Lorsqu’elles sont triomphantes, il leur arrive de voir leur ancien amant, à pied, qu’elles peuvent dès lors mépriser à loisir :
“Quant aux affaires personnelles de cet écrivain, elles étaient dans un tel désordre qu’un jour, aux Champs-Elysées, la comtesse Marie vit son ancien adorateur à pied, dans le plus triste équipage, donnant le bras à Florine. Un homme indifférent est déjà passablement laid aux yeux d’une femme; mais quand elle ne l’aime plus, il paraît horrible, surtout lorsqu’il ressemble à Nathan.” (Une fille d’Eve).
Ce 26 décembre 2009, les Champs-Elysées n’ont rien d’aristocratiques Le petit peuple vient là pour se photographier, tâter du “comme si j’étais” de people, mesurer la distance qui le sépare de ses héros télévisés.
Au moins six cars de CRS entourent le Fouquet’s. Comme je cherche un angle qui me permettrait de les saisir, un agent s’approche de moi. “Monsieur, que filmez-vous ?”. Ma réponse est cinglante “Oh, rien. Je ne fais que photographier une nouvelle institution républicaine”. L’autre “Ah bon ! Mais ne photographiez pas mes collègues”. Et pourquoi pas ?
Devant le restaurant, les badauds font la queue pour lire le menu, pour se délecter de ce luxe qu’ils sont invités à déguster par procuration. “Ah, t’as vu. 300 euros.
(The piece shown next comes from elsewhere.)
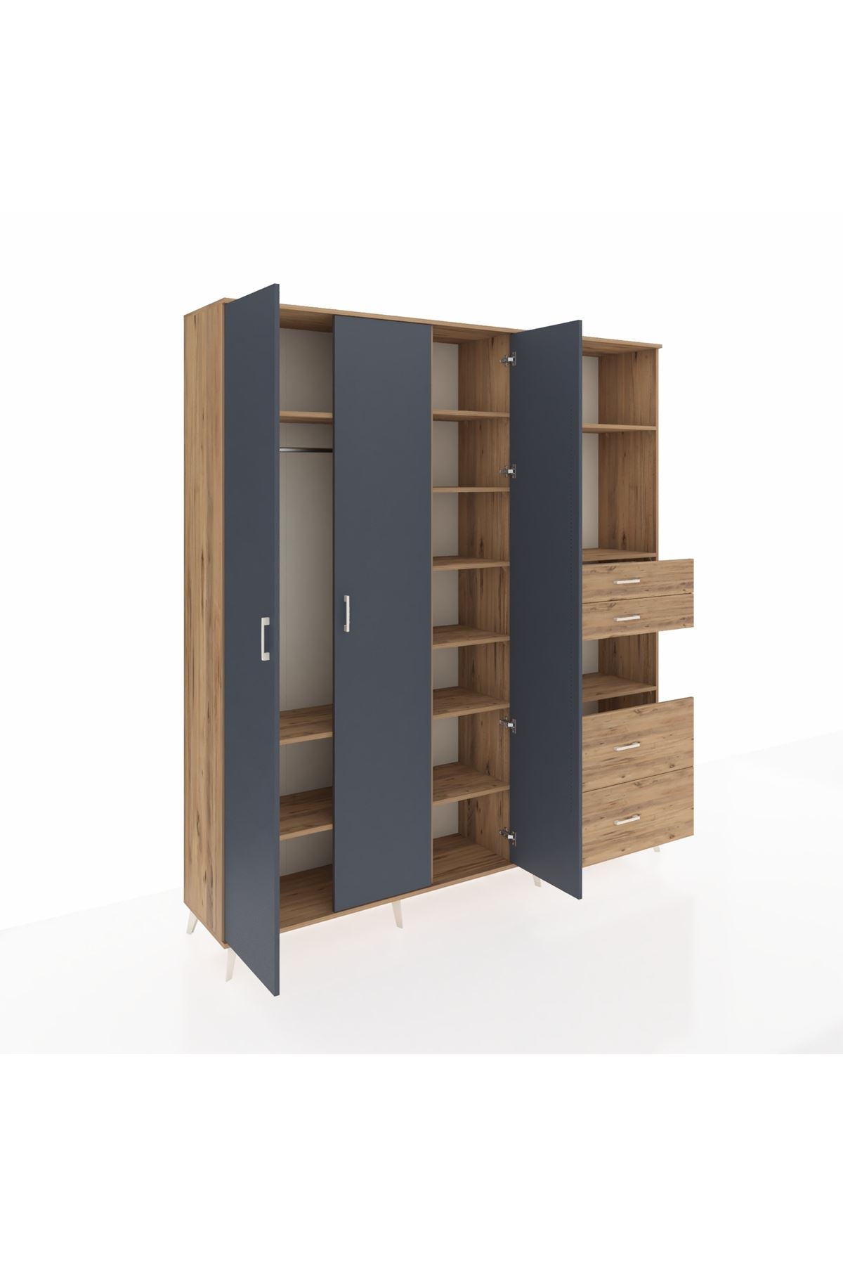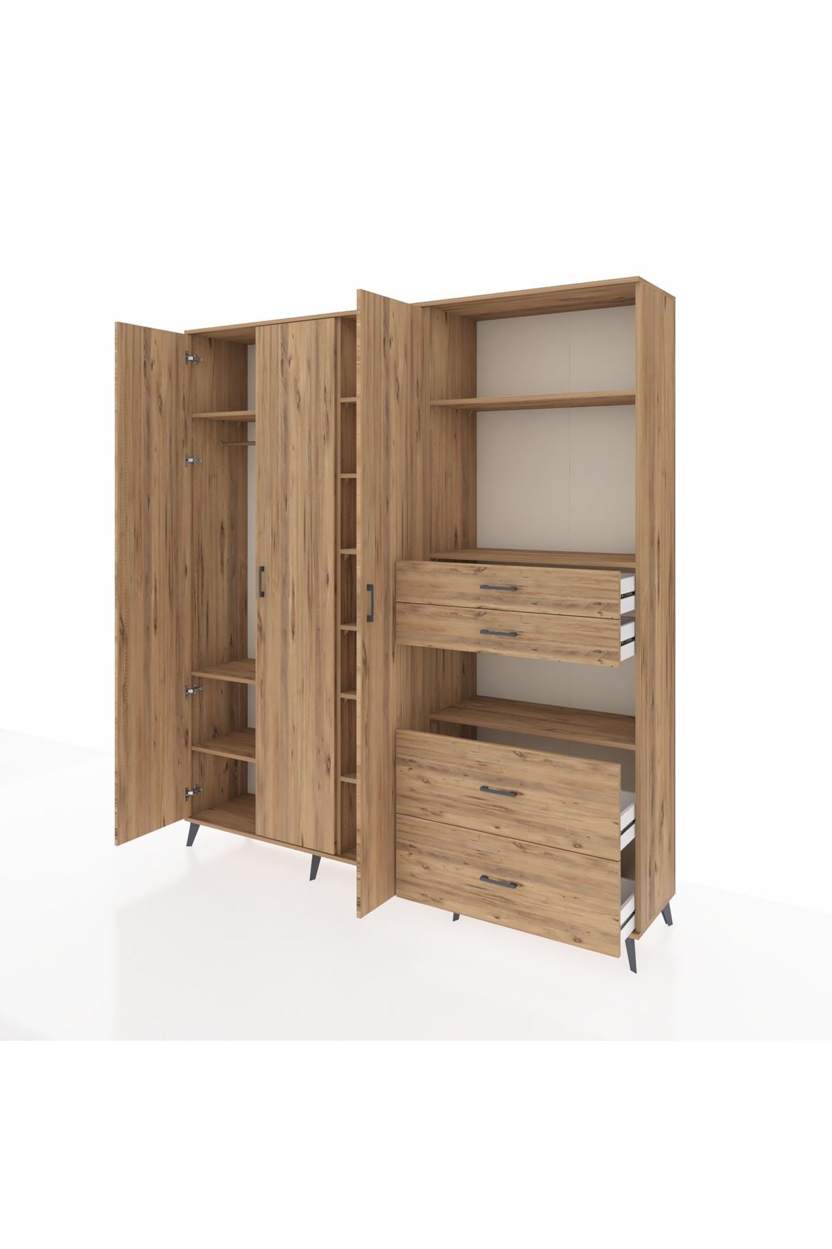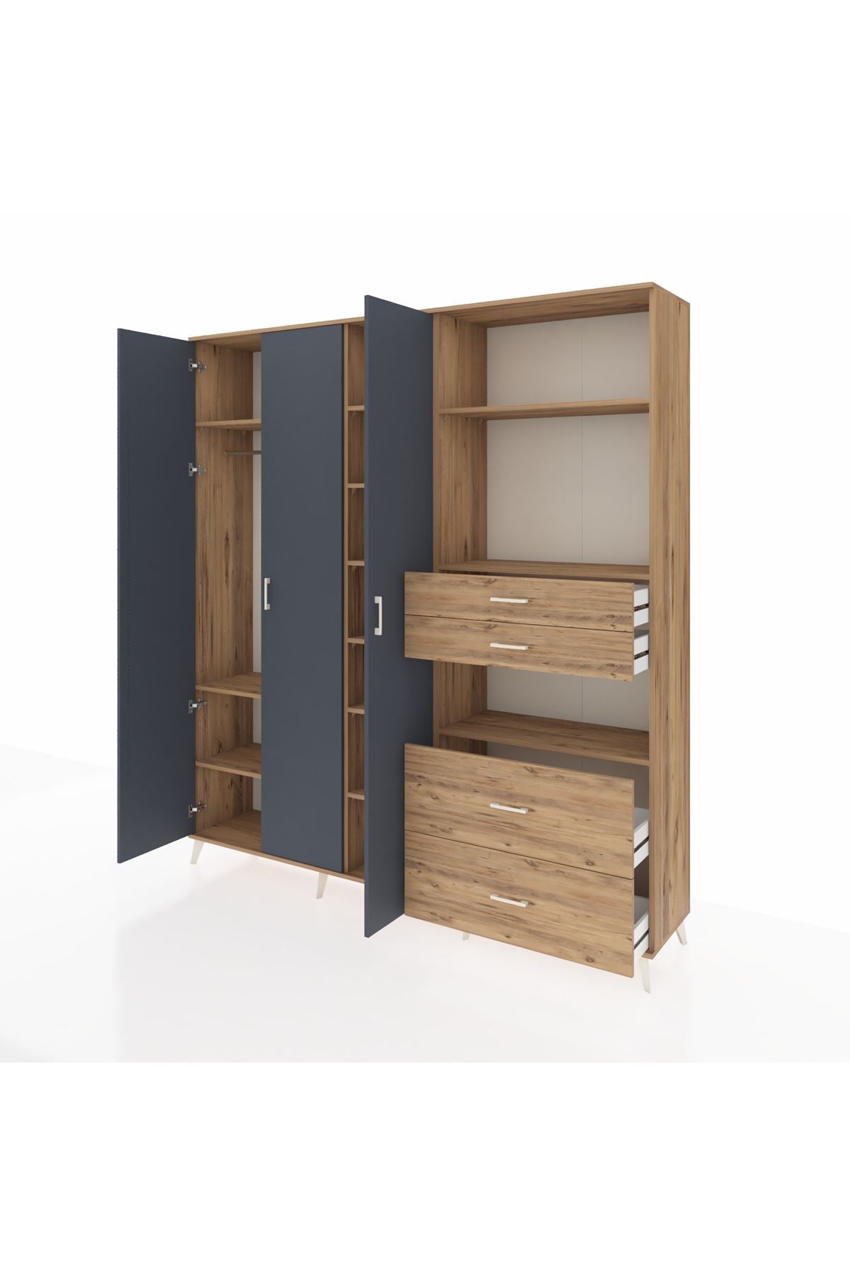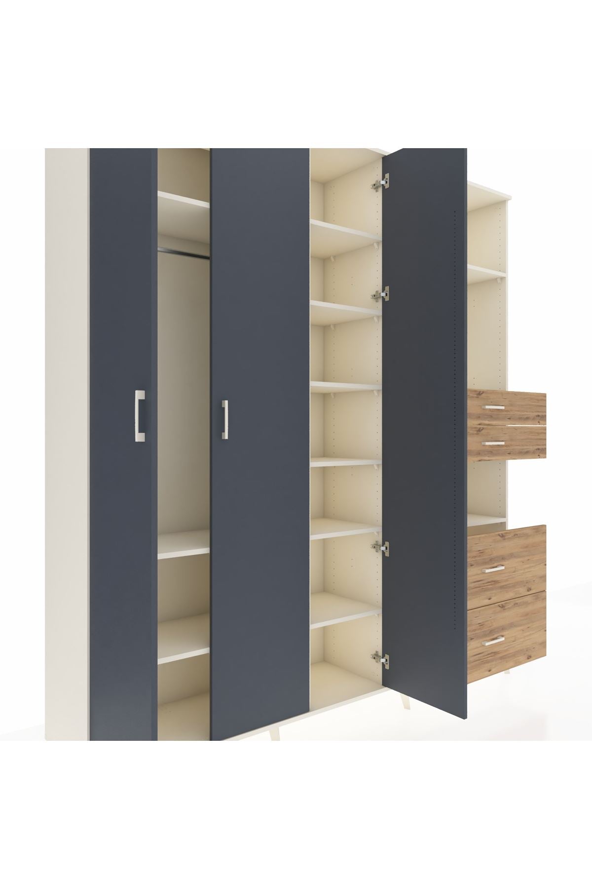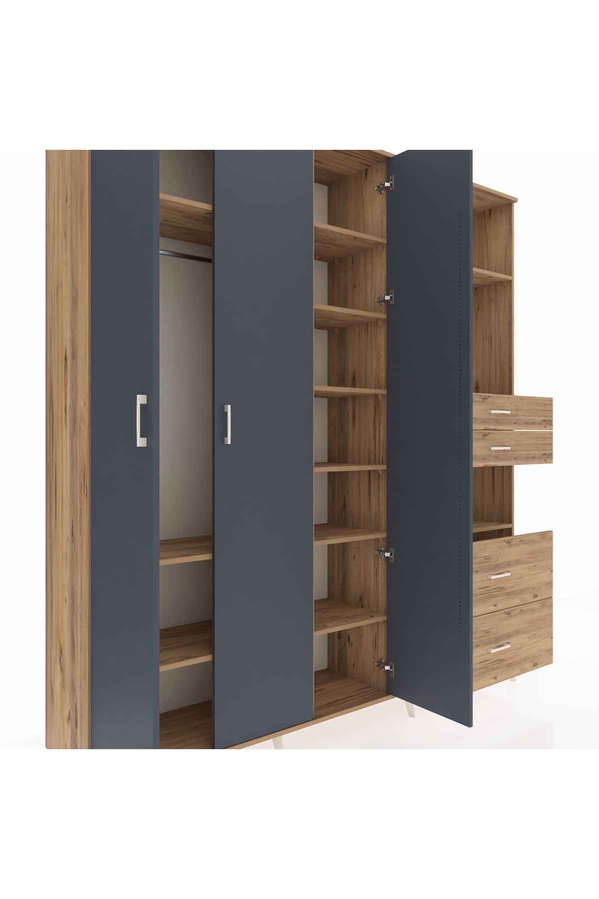 🦾 Dolabımızın metal ayakları, hem modern bir görünüm sağlar hem de sağlam bir zemin oluşturur. Metal kulplar ise dolabın şıklığını tamamlar ve kolay kullanım imkanı sunar.

La vache !….”.
Cinq jours plus tard, le Président de l’Association des Relations publiques du Fouquet’s, qui depuis des années affiche sur les écrans morgue et mépris, présente ses voeux à la Nation et en appelle , de manière inédite, à une nouvelle fraternité française. Nouvelle fraternité française ? C’est nouveau, ça vient de sortir ? Allons, offrons-nous un petit délice pédant. Balzac, Le député d’Arcis, (1847, inachevé) :
“Vous êtes démocrate, alors! dit Achille Pigoult. — Non reprit le candidat. Est-ce être démocrate que de vouloir le développement régulier, légal de nos institutions? Pour moi, le progrès, c’est la fraternité rétablie entre les membres de la grande famille française, et nous ne pouvons pas nous dissimuler que beaucoup de souffrances… A trois heures, Simon Giguet expliquait encore le progrès, et quelques-uns des assistants faisaient entendre des ronflements.”